- TASK ITEM: Under this line are records; the part from the line containing "Hänge-WC und Handtuchheizkörper" through the line containing "LongSummaryDescription - HATOR" should be repeated exactly. Please exclude pictures.

- WORKING DATA:
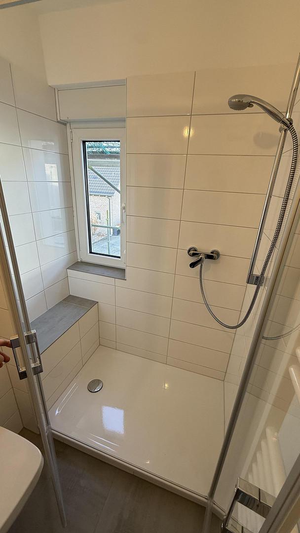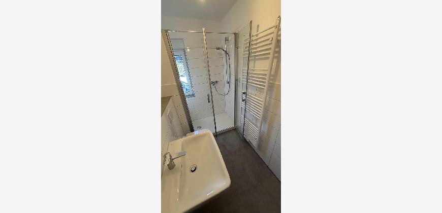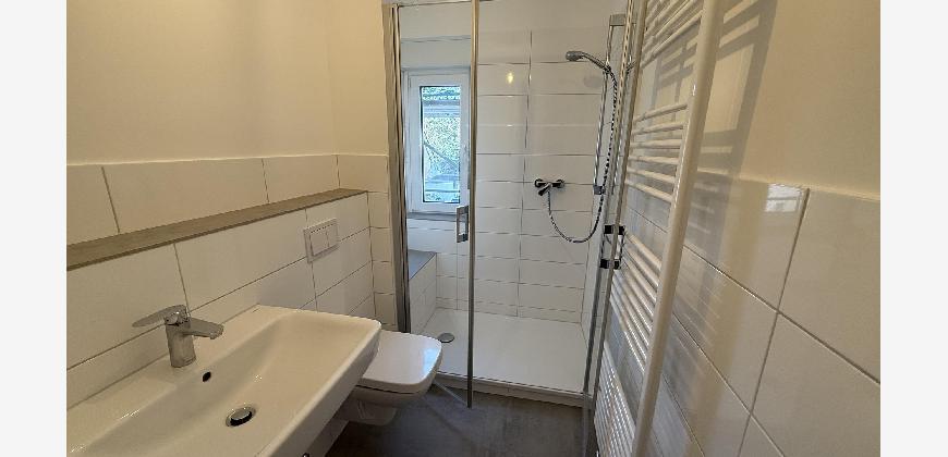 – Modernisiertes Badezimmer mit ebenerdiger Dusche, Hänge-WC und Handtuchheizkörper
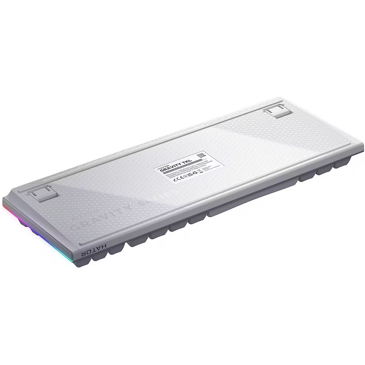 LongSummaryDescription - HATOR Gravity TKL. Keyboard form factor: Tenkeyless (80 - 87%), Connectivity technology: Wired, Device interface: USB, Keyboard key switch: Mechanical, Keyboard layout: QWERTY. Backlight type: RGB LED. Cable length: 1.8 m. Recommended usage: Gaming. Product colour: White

...

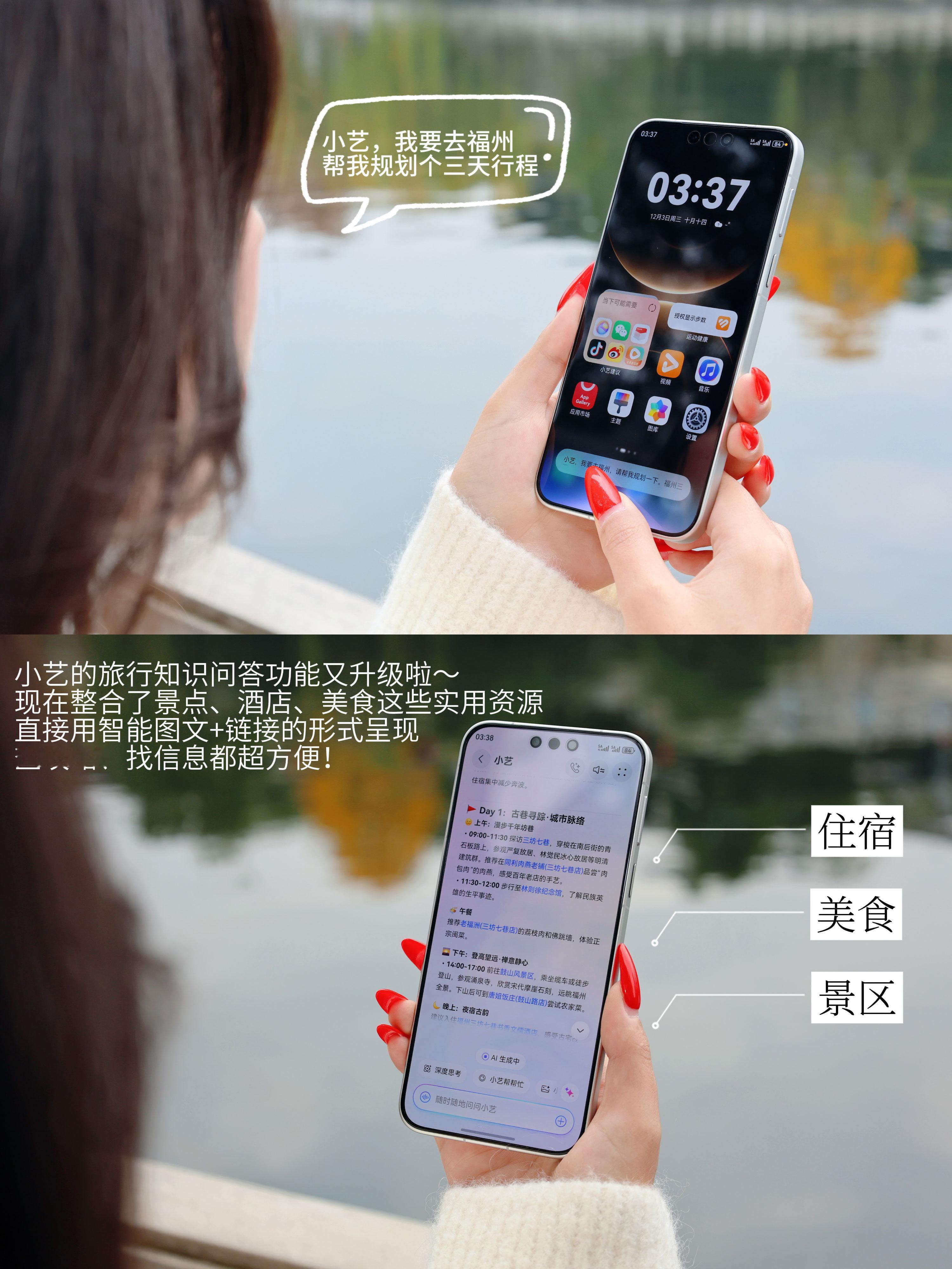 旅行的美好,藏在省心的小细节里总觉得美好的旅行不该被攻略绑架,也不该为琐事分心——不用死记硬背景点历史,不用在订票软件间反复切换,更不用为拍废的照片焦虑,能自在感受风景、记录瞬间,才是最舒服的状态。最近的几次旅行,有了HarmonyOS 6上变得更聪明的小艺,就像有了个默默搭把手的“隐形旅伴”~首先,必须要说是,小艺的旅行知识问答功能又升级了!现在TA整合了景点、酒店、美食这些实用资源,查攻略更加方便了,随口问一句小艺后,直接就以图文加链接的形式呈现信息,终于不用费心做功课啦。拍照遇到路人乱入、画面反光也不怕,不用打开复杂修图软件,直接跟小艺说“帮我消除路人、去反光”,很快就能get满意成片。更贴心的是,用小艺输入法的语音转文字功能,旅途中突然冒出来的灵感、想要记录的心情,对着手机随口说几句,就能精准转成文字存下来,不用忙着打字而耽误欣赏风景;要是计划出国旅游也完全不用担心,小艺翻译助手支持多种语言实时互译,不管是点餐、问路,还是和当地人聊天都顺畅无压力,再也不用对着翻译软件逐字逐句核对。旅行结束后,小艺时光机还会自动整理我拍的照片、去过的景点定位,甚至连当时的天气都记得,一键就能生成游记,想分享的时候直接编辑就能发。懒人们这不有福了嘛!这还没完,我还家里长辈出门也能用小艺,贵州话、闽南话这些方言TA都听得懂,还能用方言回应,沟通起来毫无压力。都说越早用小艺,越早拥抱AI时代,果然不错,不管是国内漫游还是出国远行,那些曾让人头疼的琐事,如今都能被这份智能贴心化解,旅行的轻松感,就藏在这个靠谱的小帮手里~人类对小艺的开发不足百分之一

- TASK SOLUTION:
 – Modernisiertes Badezimmer mit ebenerdiger Dusche, Hänge-WC und Handtuchheizkörper
 LongSummaryDescription - HATOR Gravity TKL. Keyboard form factor: Tenkeyless (80 - 87%), Connectivity technology: Wired, Device interface: USB, Keyboard key switch: Mechanical, Keyboard layout: QWERTY. Backlight type: RGB LED. Cable length: 1.8 m. Recommended usage: Gaming. Product colour: White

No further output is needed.